Getting there and around

Esenboğa Airport (ESB) lies north of the city and handles domestic flights and a growing range of international routes; airport buses and taxis connect it to the centre. For travel within Türkiye, though, the train is often the better choice from Ankara.

Ankara is the hub of the high-speed rail network. The Yüksek Hızlı Tren (YHT) radiates from Ankara to Istanbul, Konya and Eskişehir, with more lines under construction. The Istanbul service in particular makes a city-to-city trip straightforward and competitive with flying once airport time is counted. Trains run from Ankara's main station; book ahead for popular departures, as seats sell out.

Within the city, Ankara has a metro network and the older Ankaray light-rail line, which together cover the main central axes including Kızılay. A single contactless travel card, the Ankarakart, is used across the metro, Ankaray and city buses; you load credit onto it and tap on entry. For the citadel and Ulus, the metro gets you close and the rest is a short walk uphill. Taxis are plentiful and metered.

Common mistakes

Frequently asked questions

Is Ankara worth visiting?

Yes, though with realistic expectations. Ankara is a working administrative and university capital rather than a holiday city, so it lacks the immediate spectacle of Istanbul or the coast. But Anıtkabir and the Museum of Anatolian Civilizations are both genuinely first-rate, the old citadel quarter is atmospheric, and the city is the best base for visiting Hattusa and Gordion. A day or two is well spent.

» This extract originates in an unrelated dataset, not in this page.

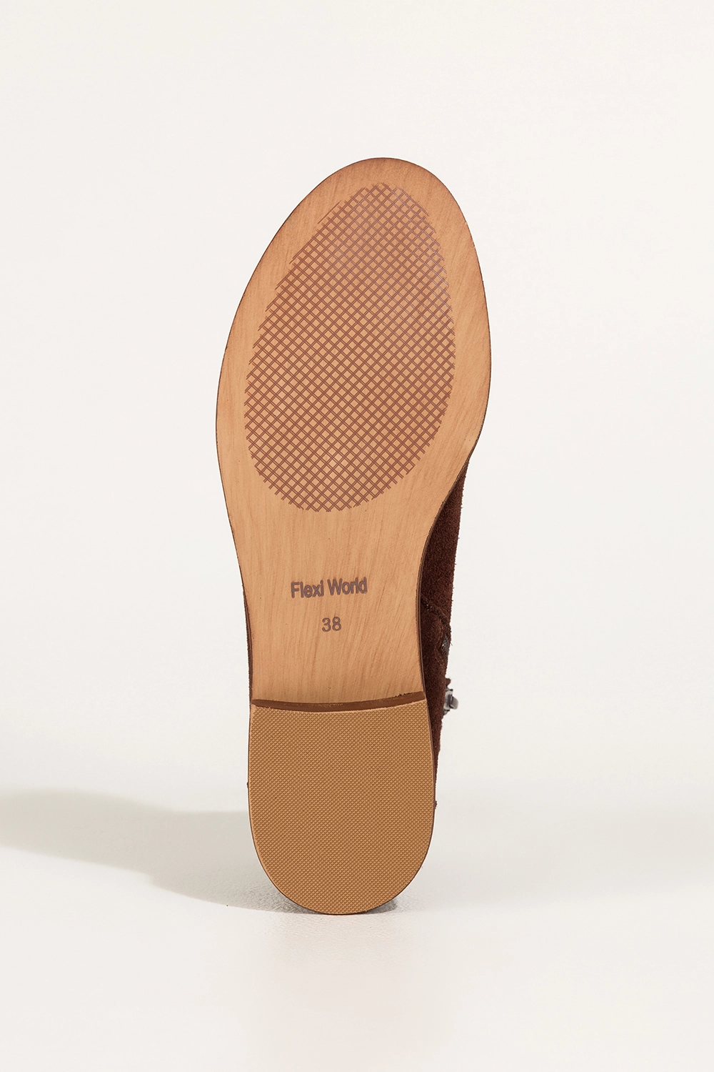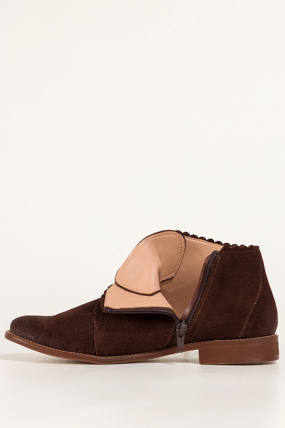 Ozdobne wykończona cholewka nadają obuwiu unikalnego charakteru i delikatnej lekkości, idealnie komponując się z jesienno-zimowymi stylizacjami. Zaokrąglony nosek i subtelny odcień czekolady tworzą harmonijną całość, którą łatwo dopasować zarówno do codziennych, jak i eleganckich outfitów. Zamek po wewnętrznej stronie ułatwia zakładanie i zdejmowanie butów.

Why is Ankara the capital instead of Istanbul?

When the republic was founded in 1923, the government was deliberately moved inland to Ankara. The town was centrally placed on the Anatolian plateau, far easier to defend than coastal Istanbul, and it carried none of the imperial associations of the old Ottoman capital. Ankara had also been the base of the national movement during the War of Independence, which made it the natural seat for the new state.

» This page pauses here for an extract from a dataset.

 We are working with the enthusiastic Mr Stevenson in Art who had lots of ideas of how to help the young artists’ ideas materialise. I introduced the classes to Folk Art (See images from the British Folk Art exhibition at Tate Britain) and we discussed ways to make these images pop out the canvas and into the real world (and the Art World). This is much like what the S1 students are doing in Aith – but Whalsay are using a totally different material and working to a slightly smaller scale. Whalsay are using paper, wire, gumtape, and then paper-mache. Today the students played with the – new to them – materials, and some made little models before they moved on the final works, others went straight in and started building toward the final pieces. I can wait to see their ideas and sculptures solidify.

How many days do you need in Ankara?

One full day covers the essentials: Anıtkabir in the morning, the Museum of Anatolian Civilizations and the citadel in the afternoon. A second day lets you take a day trip to Hattusa or Gordion, which is the main reason to extend your stay. Few visitors need more than two days in the city itself.

How far is Ankara from Cappadocia?

Cappadocia lies south-east of Ankara, and the drive takes roughly four hours by road, passing Lake Tuz on the way. There is no high-speed rail link to Cappadocia; most travellers drive, take an intercity bus, or fly into the regional airports at Nevşehir or Kayseri. Many itineraries combine the two by basing in Ankara first and then continuing south.

What is the best time to visit Ankara?

Spring (April to early June) and autumn (September to October) are the most comfortable, with mild days and clear light that suit both the open expanse of Anıtkabir and the exposed archaeological sites nearby. Winters on the plateau are cold and often snowy, and summers are hot and very dry, so the shoulder seasons are the easy choice.